Is the above accurate? Is it too wordy for WT:ELE? Does it allow for enough or too much flexibility? Rod (A. Smith) 07:16, 24 September 2007 (UTC)

Sounds good to me. But ideally ELE would address the format for "form-of" entries as well. -- Visviva 07:56, 24 September 2007 (UTC)
I think it would be much better to avoid using the term "lemma" instead of "base form." The above doesn't read very cleanly. But the very last phrase is concerning. AFAIK, we welcome clarifications on the form-of entries. (That is, tags and a gloss, examples, pronunciation, etc.) The wording you have above, suggests those be removed. Again, AFAIK, only the ===Translations=== section is discouraged in the "form-of" entries (and only for noun forms and verb forms.) Is there a better sub-page for this? Entry layout explained is far too long as it is. It obviously fails the TLDR test for most newcomers. --Connel MacKenzie 08:21, 24 September 2007 (UTC)
I'm not sure about "base form", because that seems easily confused with "stem" or "root". "Citation form" or "canonical form" are pretty clear, but I'm not sure either is better than "lemma". Is there a precise layman synonym? Rod (A. Smith) 22:15, 9 October 2007 (UTC)
Good suggestions, Visvia and Connel. We seem to need Wiktionary:Entry in a nutshell for the TLDR problem and the full WT:ELE for the specifics, including the details for the non-lemma formats. My understanding is that non-lemma entries are not supposed to include the following:
  • Etymology (e.g., the entry for speaking should not show the Old English etymons spēcan or sprēcan)
  • Other non-lemma inflections (e.g., the entry for speaking should not show the inflection spoke on the headword line)
  • Detailed definitions (e.g., the entry for speaking should show that it is the present participle of speak, but should not have separate definitions “communicating with one's voice”, “having a conversation”, “communicating by some means other than orally”, “delivering a message to a group”, or “being able to communicate in a language”)
  • Synonyms, antonyms, or other -onyms
  • Translations
Is anyone under the impression that non-lemma entries should contain the above information? Rod (A. Smith) 18:01, 24 September 2007 (UTC)
My understanding is that a non-lemma should include the following:
  • Alternative spellings (or whatever)
  • Pronunciation
  • POS header
  • Simple bold term inflection line (possibly with gender, number, etc. specific to that form but not any other inflectional forms)

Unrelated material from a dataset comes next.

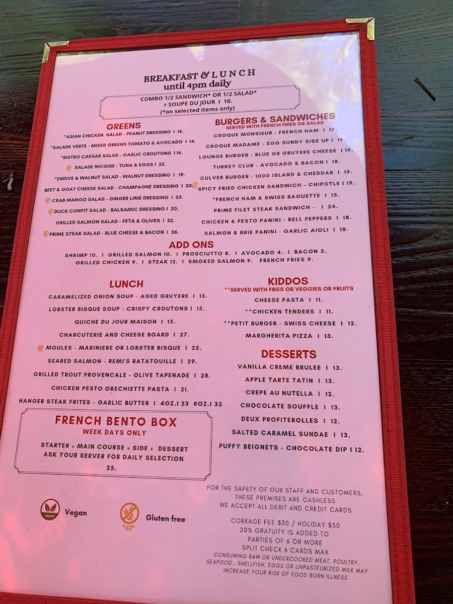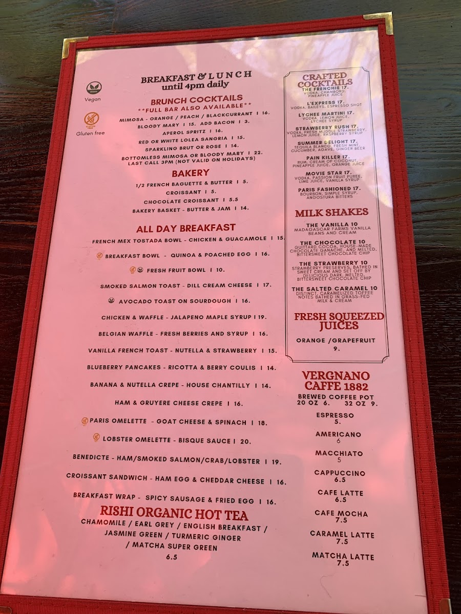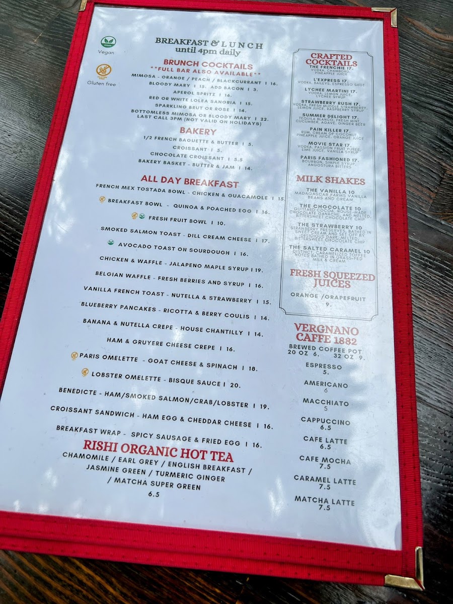 The menu features a variety of French bistro classics alongside select international influences, offering options suitable for breakfast, lunch, and dinner. It is organized into categories including starters, main courses, and beverages, providing a balanced selection of savory dishes, light bites, and drinks.

  • A gloss/definition that links to the lemma and explains the relationship
  • Example sentences
  • Supporting citations
My understanding also is that a non-lemma should not contain other kinds of information, though I can imagine there may be exceptions in unusual situations, such as when a past tense form has an unusual etymology. Including synonyms & antonyms would get messy; consider that the antonym of whiter is less white, not blacker. Likewise you run into problems if you're going to have synonym listings for all the inflections of Latin nouns, adjectives, verbs, etc. --EncycloPetey 23:25, 24 September 2007 (UTC)
I don't think non-lemma entries usually need alternative spellings, example sentences, or supporting citations; all of those should ordinarily go in the lemma page. Conversely, I'm O.K. with a term derived from a non-lemma appearing at both the lemma entry and the non-lemma entry (say, double-dealing being listed both at deal and at dealing), and I'm O.K. with non-lemmata belonging to relevant lexical categories (like Category:English plurals). —RuakhTALK 20:03, 27 September 2007 (UTC)
I have to disagree strongly about alternative spellings and citations. The non-lemmae need to have separate citations listed because they are different spellings from the lemma! In Latin, for example, the reason we know that a particular word is irregular is through documented citations of the irregularity. It would be silly to burden the lemma page citations with all the dozens of inflected forms, and would be difficult for anyone trying to make use of the data to parse out the appropriate citation or two that supports, say, the irregular dative feminine plural form.
Likewise, an inflected form may have an alternative spelling that the lemma does not have. A non-lemma page should therefore have an alternative spellings section of its own. --EncycloPetey 22:15, 28 September 2007 (UTC)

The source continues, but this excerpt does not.